Obama Asks Congress for Powers to Trim Government

Mr. Obama called on lawmakers to grant him broad new powers to propose mergers of agencies, which Congress would then have to approve or reject in an up-or-down vote.  If granted the authority, he said, he would begin pruning by folding the Small Business Administration and five other trade and business agencies into a single agency that would replace the Commerce Department.

The White House estimated that the consolidation would save $3 billion over 10 years and result in reductions of 1,000 to 2,000 jobs. The savings is a mere rounding error in the $3.7 trillion annual budget, but the numbers may be less important than the message that Mr. Obama wants to cut wasteful spending.

“No business or nonprofit leader would allow this kind of duplication or unnecessary complexity in their operations,” Mr. Obama said to an audience of small business owners at the White House. “You wouldn’t do it when you’re thinking about your businesses, so why is it O.K. for our government? It’s not.”

By putting the onus on Congress to provide the authority for streamlining the government, Mr. Obama is seizing a core Republican issue — the inexorable growth of the public sector in recent decades — and trying to turn it to his advantage. Even his language was reminiscent of Mitt Romney, the Republican presidential front-runner, who says he would use his experience in business to make government more efficient.
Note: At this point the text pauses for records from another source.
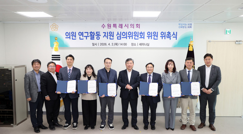 이번 위촉식은 최근 개정된 ‘수원시의회 의원 연구활동 지원 조례’에 따라, 연구 활동의 객관성과 전문성을 한층 높이기 위해 추진되었다. 의회운영위원회의 추천을 받은 행정, 경영, 교육, 도시, 외교 5개 분야의 전문가 6명이 신규 위원으로 선임되었다.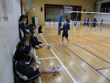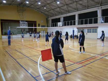 体育館では,バレーボールです。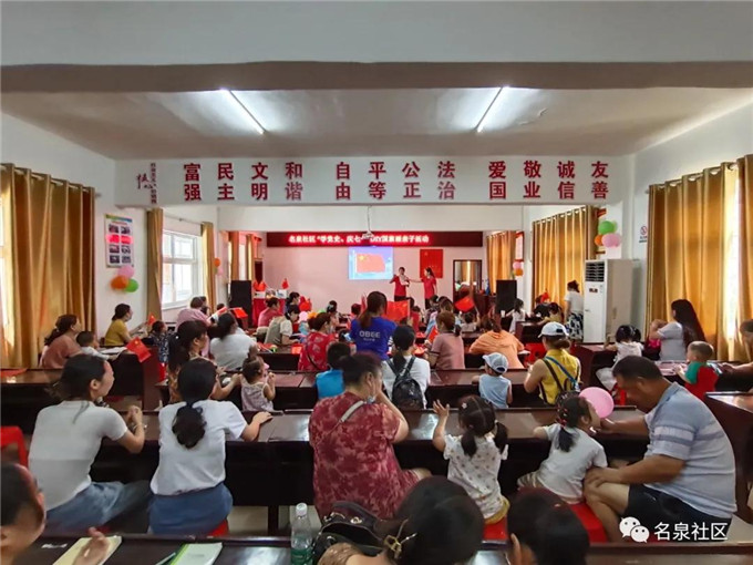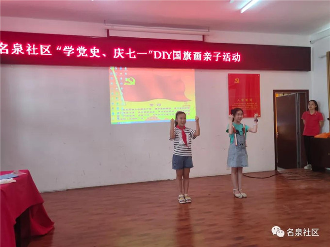 “红星闪闪放光彩,红星灿灿暖胸怀……”孩子和家长们手举小国旗,用热情洋溢的歌声,将整个活动现场氛围变得活跃起来。志愿者们将孩子们认识党旗、国旗和党的知识等,让孩子对中国共产党有了初步的认识。两名来自名泉小学的学生还上台为大家表演了一支《童心向党》舞蹈,获得大家阵阵掌声。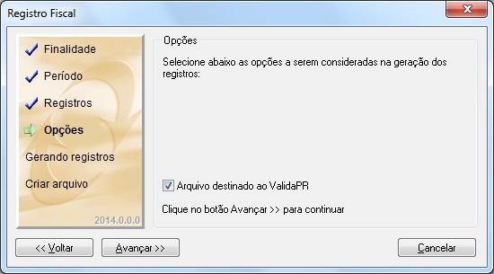 Quando o arquivo do Sintegra for importado para o ValidaPR, durante a geração do arquivo deverá marcar a opção “Arquivo destinado ao ValidaPR”, conforme indicado abaixo: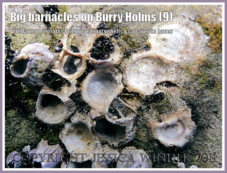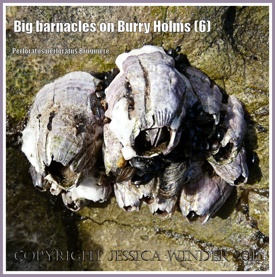 P. perforatus usually occupies the lower half of the intertidal zone but it can extend into the sublittoral to a depth of 40 metres. The specimens in these photographs were exposed at low tide, attached to Carboniferous limestone boulders and the cliff of the island of Burry Holms at Rhossili. They were growing on vertical and overhanging rock surfaces, for upto a metre above the wet sand. They were mostly surrounded by small seed mussels, smaller species of acorn barnacle, and dog whelks predating on them.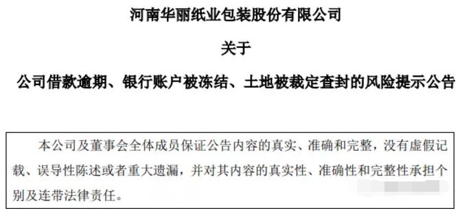 自2016年以來持續虧損,河南華麗紙業包裝股份有限公司(下稱:華麗包裝)正遭遇一系列危機:流動資金匱乏、銀行貸款逾期、銀行賬戶被凍結、土地相繼被法院裁定查封、公司及公司實際控制人被列入失信被執行人…… 由于難以在短時間內改善困難狀況,1月10日,華麗包裝發布公告稱,決定在現有尾單根據資金配置情況生產完畢后實施停產,待外部資金及業務合作能夠取得實質性進展后,再適時恢復生產。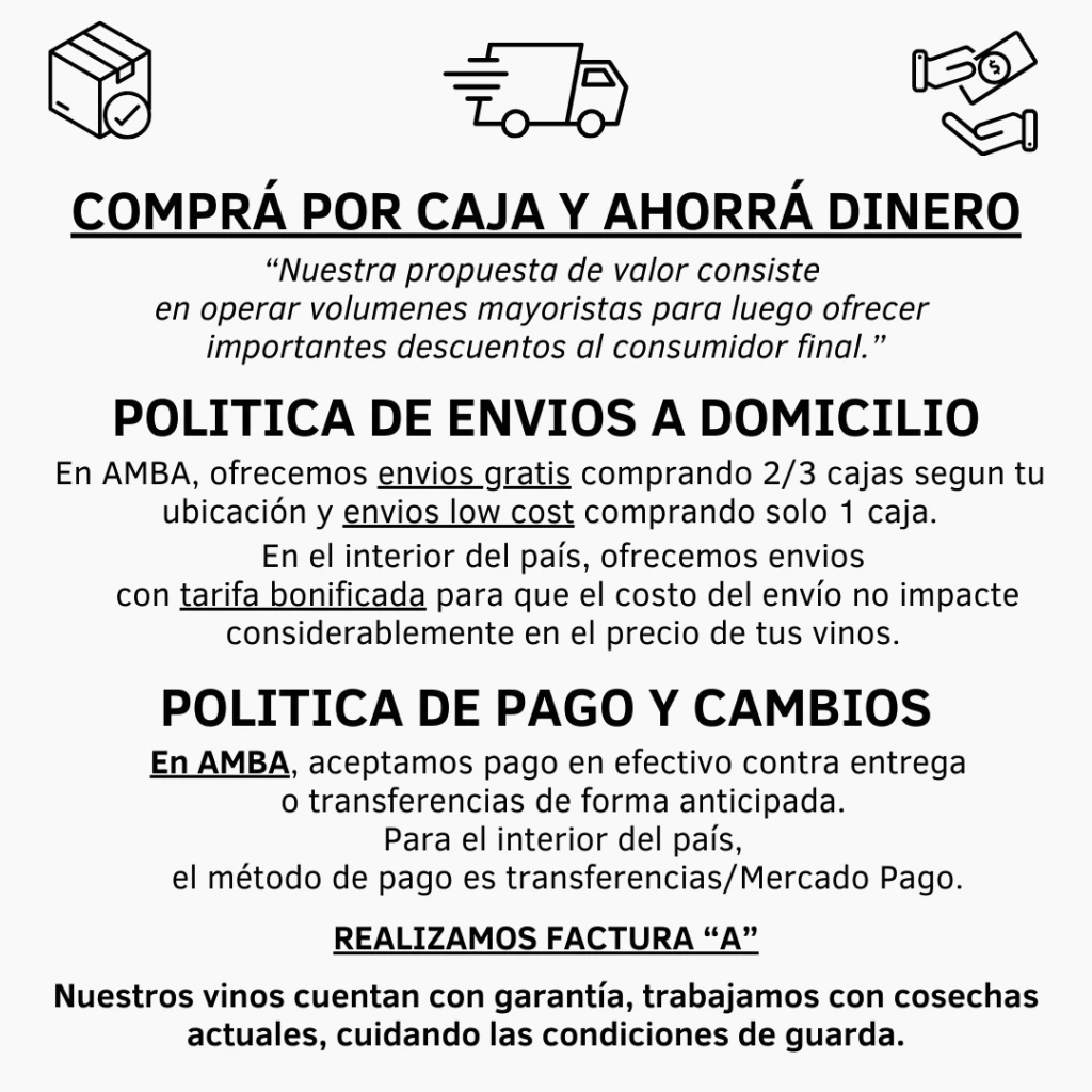 Para pedidos al interior del país ofrecemos tarifas bonificadas, para que el costo del envío tenga baja incidencia en el precio de tus vinos. Cubrimos aproximadamente el 50% del valor del envio.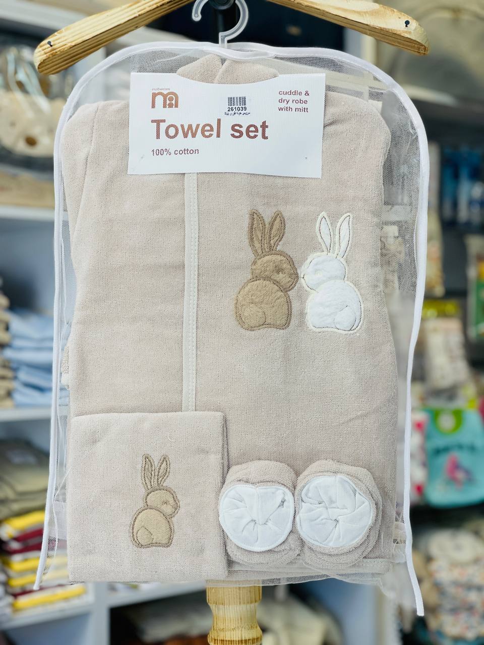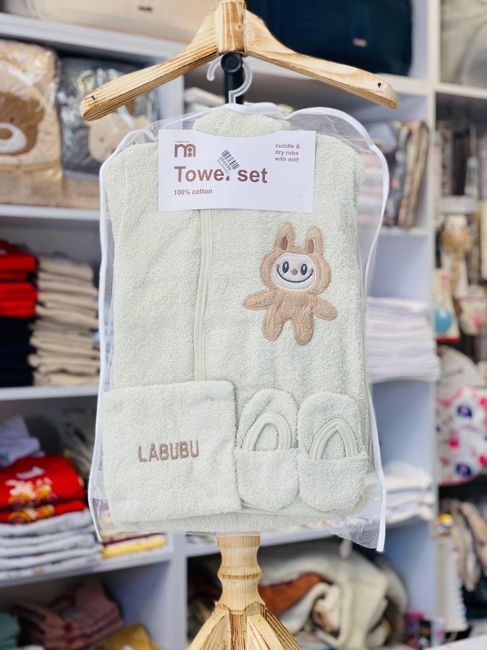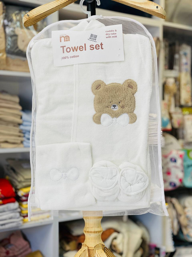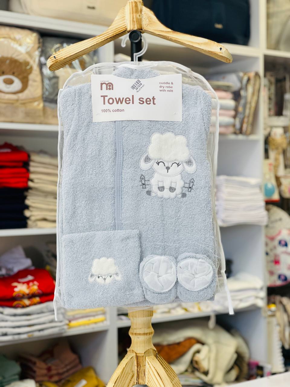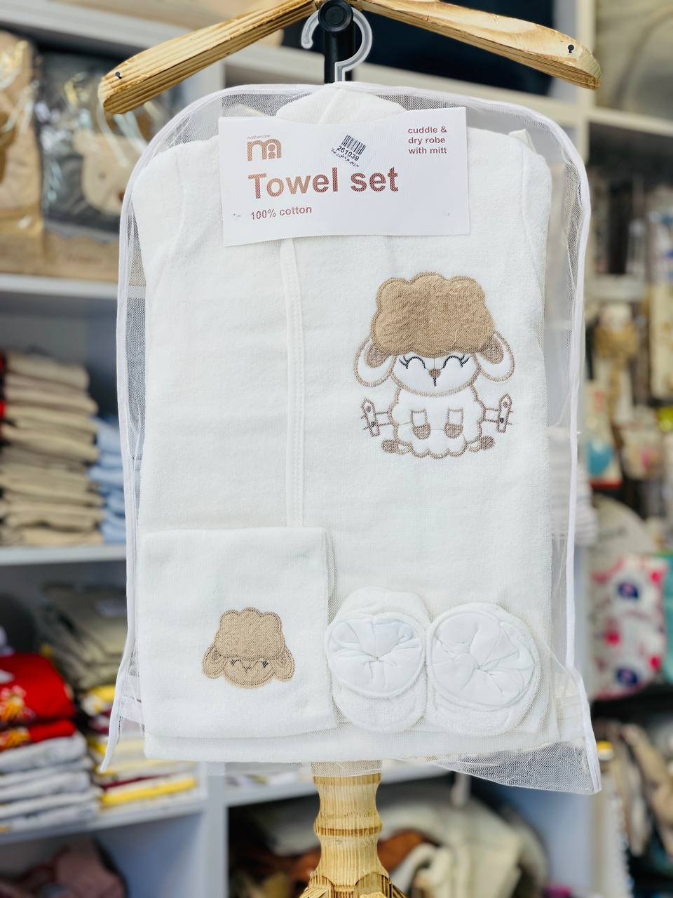 این ست شامل حوله تن پوش، حوله دورپیچ کلاه دار، لیف و یک جفت پاپوش نوزادی است.

It is not clear whether Congress, where much of Mr. Obama’s legislative agenda has languished, will go along with this initiative. Republicans were immediately skeptical, suggesting that the White House was more interested in honing its re-election message than in reducing the size of government.

Even Democratic leaders expressed misgivings about folding the Office of the United States Trade Representative, a stand-alone agency with just 227 employees, into a large bureaucracy, saying it could harm American trade policy.
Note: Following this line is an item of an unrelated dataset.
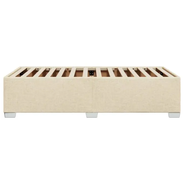 Zagotovite si boljši spanec s tem posteljnim okvirjem! Je prijeten dodatek za vsako spalnico. Mehak in trpežen material: Tkanina iz poliestra združuje mehkobo, zračnost in trpežnost ter vam zagotavlja popolno udobje in prijetnost.Letvice za optimalno podporo: Ta posteljni okvir je opremljen z letvicami, ki zagotavljajo osnovno podporo in zračnost vašega ležišča.Stabilne in vzdržljive noge: Ta postelja je podprta z robustnimi nogami, ki zagotavljajo stabilnost, varnost in trdnost. Dobro je vedeti:Vzmetnica ni priložena tej postelji. Ponujamo različno izbiro ležišč. V naši trgovini si lahko ogledate ustrezne vzmetnice.Barva: KremMaterial: Blago (100 % poliester), vezan les, konstruiran lesDimenzije: 200 x 100 x 46 cm (D x Š x V)Velikost primerne vzmetnice: 100 x 200 cm (Š x D) (vzmetnica ni priložena)Utrjene plastične nogicePotrebno sestavljanje: Da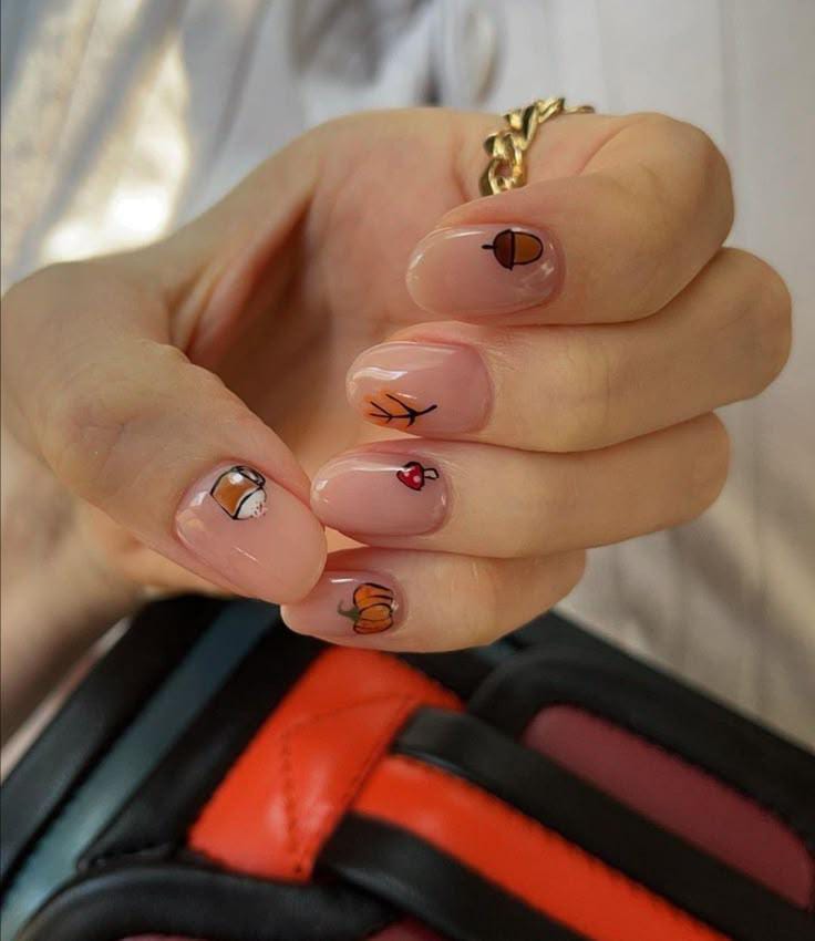Minimalist nude nails with tiny seasonal doodles like pumpkins, acorns, leaves, and coffee cups, creating a chic and playful fall look.

“Making it just another corner of a new bureaucratic behemoth would hurt American exports and hinder American job creation,” said Senator Max Baucus, the Montana Democrat who is chairman of the Senate Finance Committee, in a statement with Representative Dave Camp, the Republican chairman of the House Ways and Means Committee.
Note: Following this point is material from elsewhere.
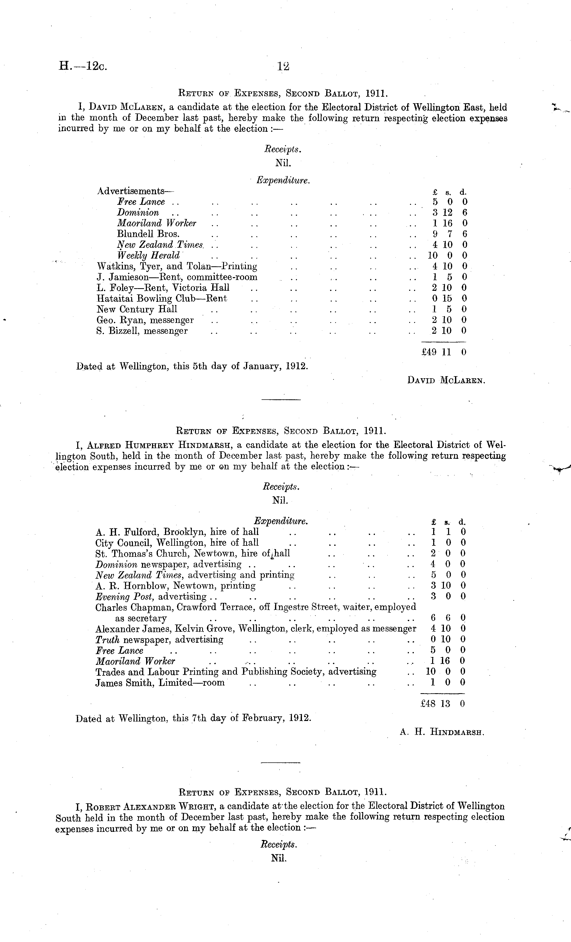 Return of Expenses, Second Ballot, 1911. I, Alfred Humphrey Hindmarsh, a candidate at the election for the Electoral District of Wellington South, held in the month of December last past, hereby make the following return respecting election expenses incurred by me or en my behalf at the election :— Receipts. Nil. Expenditure. £ s. d. A. H. Fulford, Brooklyn, hire of hall .. .. .. ..110 City Council, Wellington, hire of hall .. .. .. ..100 St. Thomas's Church, Newtown, hire .. .. .. 2 0 0 Dominion newspaper, advertising .. .. .. ■.. ..400 New Zealand Times, advertising and printing . . .. . . 5 0 0 A. R. Hornblow, Newtown, printing . . . . . . 310 0 Evening Post, advertising .. .. .. .. .. ..300 Charles Chapman, Crawford Terrace, off Ingestre Street, waiter, employed as secretary .. .. .. .. .. ..660 Alexander James, Kelvin Grove, Wellington, clerk, employed as messenger 410 0 Truth newspaper, advertising .. .. .. .. 010 0 Free Lance .. .. .. .. .. .. ..500 Maoriland Worker .. ... .. .. .. ... 1 16 0 Trades and Labour Printing and Publishing Society, advertising 10 0 0 James Smith, Limited —room .. .. .. .. ..100 £48 13 0 Dated at Wellington, this 7th day of February, 1912. A. H. Hindmarsh.
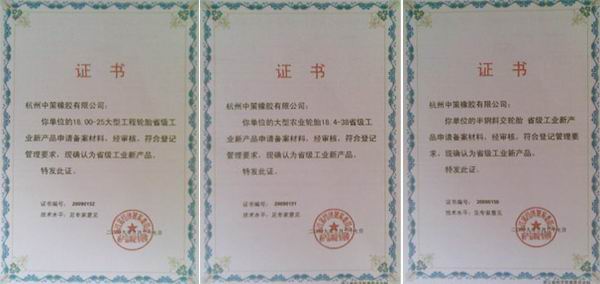 近日,杭州中策橡胶有限公司旗下的“18.00-25大型工程轮胎”、“大型农业轮胎18.4-38”及“半钢斜交轮胎”三项产品,通过了浙江省经济贸易委员会的省级工业新产品项目鉴定。

Despite regular vows by presidents to overhaul government — Mr. Obama made one in his State of the Union address last January — few have followed through. Those who did, like Richard M. Nixon, often met with failure. Scholars have mixed feelings about such reorganizations, with some arguing that they rarely lead to lower head counts, more effective departments or savings.

“My gut tells me those benefits will end up being much smaller than advertised, and the costs much larger,” said Steven M. Teles, a political scientist at Johns Hopkins University, pointing to the time wasted during the consolidation and the changed political dynamic between the agencies and Congress.

But experts on government efficiency applauded the initiative, saying it was overdue, and some analysts said it made sense to combine agencies involved in business development, foreign investment and trade promotion into a single department with the mandate to promote American exports.

“If you look at American exports, it’s dominated by big business,” said Daniel W. Drezner, a professor of international politics at Tufts University. “If you want small and medium enterprises to get more involved in exporting” — a goal of the Obama administration — “having small business and the trade office in the same agency makes sense,” he said. “So this could be a boon for that.”

Mr. Obama emphasized the confusing tangle of agencies that businesses face when they seek help from the government. To illustrate the problem, he gestured toward a screen behind him that showed the dozens of Web sites, offices and customer service centers, many with overlapping functions.

This article has been revised to reflect the following correction:

Correction: January 13, 2012

An earlier version of this article contained an incorrect count of the people who work at the Office of the United States Trade Representative. It has 227 employees, not 277.